| É provável que já tenhamos imaginado com tantas campanhas políticas que têm havido e com tantos filmes sobre este tema que nada é aquilo que imaginamos, e que por de trás de um candidato, muita coisa se passa.
“Nos Idos de Março”, mostra-nos de uma forma bem crua, o que pode ser uma campanha eleitoral, ainda que primária de um candidato muito específico.
Este é um filme que nos faz pensar e repensar muitas das campanhas, já realizadas, na América e não só, em que até acreditamos que um dos candidatos poderá fazer a diferença, no meio de tanta hipocrisia e invenções, em prol de um só fim: o poder.
Mas não ficamos por aqui… e não, não irei levantar a ponta do véu sobre este filme que deve ser visto, sem pré-conceitos, e com olhos de quem não viu ainda nada.
Sentei-me sem saber bem o que esperar do filme, mas fui com expectativas altas… expectativas tais que me fizeram sair da sala de cinema com uma ideia bem mais nítida sobre alguns pressupostos sobre a política… e a pensar que mesmo quem entra na política com ideias de jogar limpo, sairá engolido pela máquina, porque ou existe um grande jogo de cintura ou não há buracos no cinto que cheguem.

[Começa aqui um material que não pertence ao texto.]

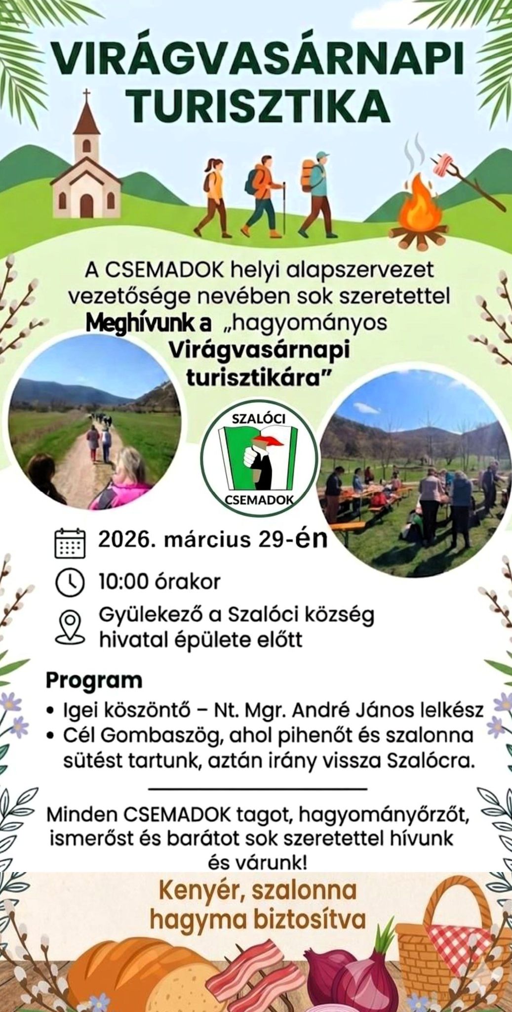 A Csemadok Szalóci Alapszervezetének vezetősége 2026. március 29-én szervezi meg a hagyományos virágvasárnapi túrát.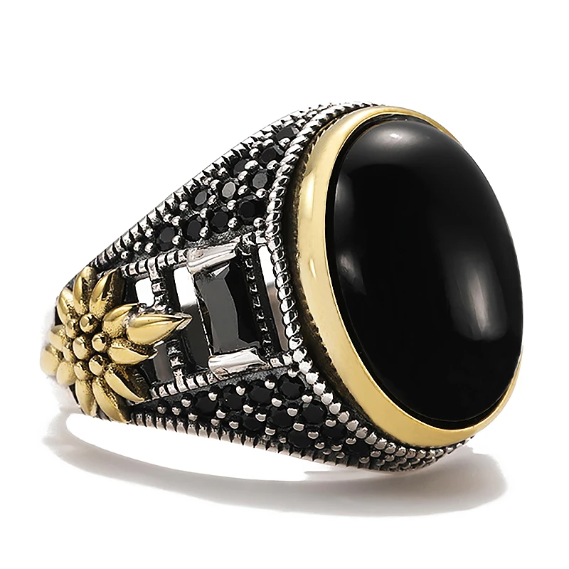 Классическое кольцо с черным овальным камнем для мужчин, ювелирные изделия в стиле панк, подарочное кольцо с текстурой цветка

George Clooney, mostra mais uma vez que está como peixe na água, na realização, e como actor encontra-se no seu melhor, mas não podemos deixar de falar do elenco de luxo que o acompanha, tal como o jovem actor Ryan Gosling, muito distante do papel que protagonizou em “Amor Louco e Doido”, que mostra ser multifacetado, quer esteja a desempenhar uma personagem num drama, ou numa comédia.

“Nos Idos de Março” acompanha os frenéticos últimos dias que antecedem as fortemente disputadas eleições primárias em Ohio, quando um assessor de imprensa (Ryan Gosling) se vê envolvido num escândalo político que ameaça a possibilidade de ascensão à presidência do candidato que representa.
Apesar de Stephen Myers (personagem que Ryan Gosling desempenha), mostrar que tem uma grande ambição e o tal jogo de cintura, tenta pelo meio gerir uma campanha, que dê a vitória certa ao seu candidato (Governador Mike Morris), protagonizado por George Clooney, acreditando que mesmo não sendo um santo, ele poderá ser uma boa alternativa para a mudança do país… mas será que as coisas são aquilo que ele pensa?
Uma coisa é certa, no ambiente de campanha política, há que ver todos os ângulos, porque num jogo poderoso, só há duas posições: ou se ganha ou se é um perdedor.
Do elenco, fazem igualmente parte os actores Philip Seymour Hoffman como Paul Zara, Paul Giamatti que desempenha o papel de Tom Duffy (e que daqui a uns dias teremos presente no 5º Lisbon & Estoril Film Festival), Evan Rachel Wood como Molly Stearns, Marisa Tomei no papel da Jornalista Ida Horowicz, Jeffrey Wright como Senator Thompson, e Gregory Itzin no papel de Jack Stearns.